Too much of a good thing: Anywhere from 300 to 500 genes have altered levels and function, resulting 80 or 90 possible symptoms and an instantly recognizable phenotype (physical appearance). For example, patients have a 1 in 5 chance of developing a hole in the heart, compared to an incidence of 1:10,000 in the normal population. Down syndrome is extraordinarily complex, and my friend and colleague Roger Reeves has dedicated his career to helping patients with his research.
Cerebellar size: Dr. Reeves showed that the reduced size of the cerebellum in patients was due to defects in the sonic hedgehog signaling pathway. Using a drug that activated this pathway, he was able to restore the number of cerebellar cells to normalcy in a mouse model of Down syndrome, pointing to a therapeutic potential for the central nervous system deficits in patients.

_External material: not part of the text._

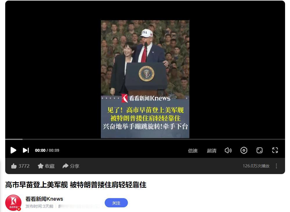 日本民众傻眼了!如果说日本首相和特朗普手拉手还可以理解,那么特朗普搂住她是什么意思? 熟悉高市早苗的人都知道,她从上台前后,就为自己立下了严格的“性别避嫌”规矩。为了不让外界有任何闲话,她跟男性议员打交道时永远保持着距离,哪怕是讨论国家大事,也坚决不在晚上单独见面。 平时合影,高市早苗还会刻意和男同事拉开半臂距离,握手也只是快速碰一下就收回,这种近乎刻板的自我要求,让媒体想挑刺都找不到机会,也成了她维持政治形象的“金字招牌”。 可这“金字招牌”在10月28日突然碎了。 当天,高市早苗和特朗普在停靠横须贺港的美军舰上一起参加演讲活动。演讲过程中,特朗普突然伸手搂住了她的肩膀,这个动作来得很突然,现场数百名嘉宾和媒体记者都愣住了。 要知道,换作平时,别说被搂住肩膀,就是稍微靠近一点的肢体接触,高市早苗都会不动声色地避开。但这次,她不仅没有抗拒,反而脸上堆着笑,甚至微微侧过身,配合着特朗普的动作。 其实明眼人都能看出来,这次会面的核心是美日防务合作,双方刚敲定了新的安保协议,美军舰就是特意选的“合作象征”。但即便场合特殊,高市早苗的转变也实在太大。 有长期观察日本政治的人士说,她之前为了避嫌,连党内男性同僚的宴请都敢拒绝,如今却对特朗普的亲密动作全盘接受,这背后显然是把对美外交的“讨好”放在了第一位。 而面对民众的质疑,日本首相官邸只能出来打圆场,说这是“外交场合的正常礼仪”,让大家别过度解读。 但这种说法根本挡不住舆论的议论,不少日本民众觉得,这哪里是“正常礼仪”,分明是为了讨好美国,连自己一贯坚持的原则都能随便放弃。毕竟,要是换成其他国家的政要,高市早苗恐怕绝不会允许这样的肢体接触。 从这件事就能看出,在对美外交上,日本首相所谓的“人设”和“原则”,其实都得让位于对美国的依赖,这种不得不妥协的软弱,才是这则画面背后最真实的情况。

Tweaking circuits: In the hippocampus—that part of the brain that’s used to navigate landmarks and fix memories, Down syndrome patients show an excess of inhibitory pathways compared to excitatory ones. A drug that is already FDA-approved works wonders on mice with the equivalent of Down syndrome, restoring balance to their brain. This drug is now in clinical trials for Down syndrome patients.
It's not all bad: Research on Down syndrome has broad impact. For example, having three copies of a tumor suppressor gene means that patients have a 93% lower incidence of developing certain cancers. This insight could help treat cancers in the general population. Plus, as Roger likes to say, if you know anyone with Down syndrome, they tend to be pretty interesting individuals in their own right.